Javea: A Coastal Paradise
Xàbia, also known as Jávea, is a coastal town overlooking the Mediterranean Sea in Marina Alta, a comarca in Alicante, Spain. The town itself is divided into three parts; the Old Quarter, the port and the village that is almost 3 km inland. Declared one of the healthiest climates in the world by the World Health Organization, Jávea is protected by the cool harsh winds of the winter from the north by the mountain of Montgó. The temperatures stay pleasant enough even during the summer, averaging 32°c in the warmest month of August which is also one of the most active months in Jávea in terms of tourist activity.
Fast becoming a popular tourist resort, the town of Jávea has developed into a hot property market for retirement villas and land in general. The population of around 28,500 swells to over 100,000 when the tourists pour in. For the most part through, the inland groves of Jávea are undisturbed by the tourist activities, they still produce tons of citrus oranges every year and the sight remains awesome when the branches are laden in season.
From a tourist point of view, the town is accessible through roads while the nearest train station at Gata de Gorgos is 10km inland.
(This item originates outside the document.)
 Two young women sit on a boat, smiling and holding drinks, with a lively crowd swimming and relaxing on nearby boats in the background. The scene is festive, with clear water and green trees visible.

Connected to Alicante and Valencia through bus service as well, Jávea is at an hours drive from the two airports. In addition, the coach service caters daily to travelers headed to and from Madrid.
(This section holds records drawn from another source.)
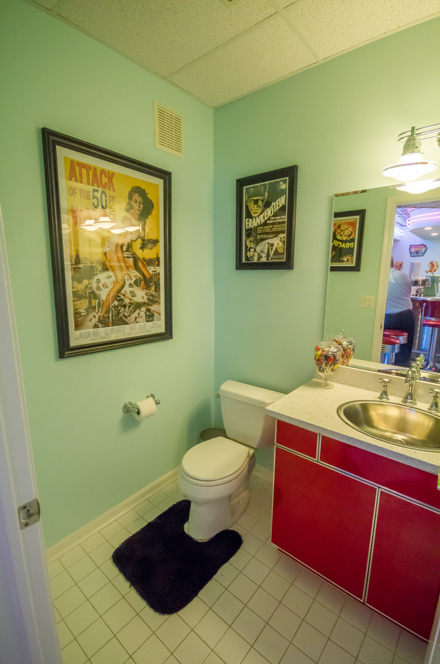 Just off the diner, the Marches updated their bathroom to match the diner decor by adding the new vanity cabinet.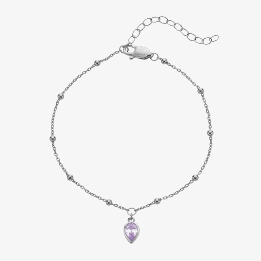Celebrate June birthdays with the elegant Hot Diamonds Silver Whisper June Birthstone Bracelet. Crafted from rhodium-plated sterling silver, this adjustable chain and bead style bracelet features a stunning pear-shaped charm in lavender purple cubic zirconia. Presented on a stylish gift card, it makes a beautiful and meaningful gift to add a personal touch to any outfit.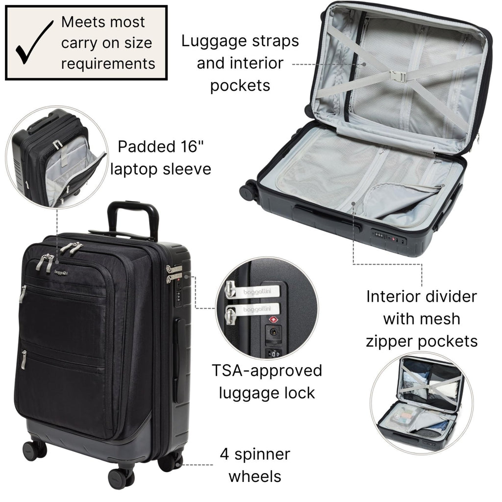 Baggallini Set Wave 22” 4 Wheel Hybrid Carry-On Luggage - Lightweight Carry On Suitcase with Wheels

Once a town fortified to ward off pirates and marauders, the ‘old quarter’ of Jávea boasts the 14th Century Church of Sant Bartolomé that is dated a further 300 years back through some evidence. The church was declared a National Historic and Arts Monument for its historical value and is a popular tourist attraction now. While the ruins of the 15th Century Fontana Castle in the Arenal region have been replaced by apartment buildings, the cannons of the British destroyed fortification are still displayed in front of the Church of Sant Bartolomé. The Museo Historico y Etnografico Municipal J.B. Soler Blasco Javea, an etnographical museum, and the Agustinas Descalzas are also located in the old quarter, along with a modern market that, even with the span of time, retains the beauty of the olden days.
The port is an obvious tourist favorite with a gravel beach, marina and a wide variety of restaurants to keep holiday makers adequately entertained. As with most areas in Jávea, there is a historical significance to everything. The port, disabled dating back to the 15th century, played its extraordinary role in raisins export till the trade collapsed by the end of the 19th century. An attraction in the port area is the church of Nuestra Señora del Loreto which shows off the town’s fishing culture to the hilt in its build. This area compliments the sandy beach of Arenal which is the party centre for the town. The various sand artists work away as while the tourists pour in, making it into a bustling place with bars, beach parties and long nights of fun and activity.
If all this isn’t enough to set Jávea out as a town to visit, the 2,150 hectares of Montgó National Park add another mix of history and modern lifestyle to the area. The archeological remains disabled dating several thousand years back, and the various pagan and Christian and cultural fiestas held in June, July and September make sure the time spent in this beautiful resort town worth your while.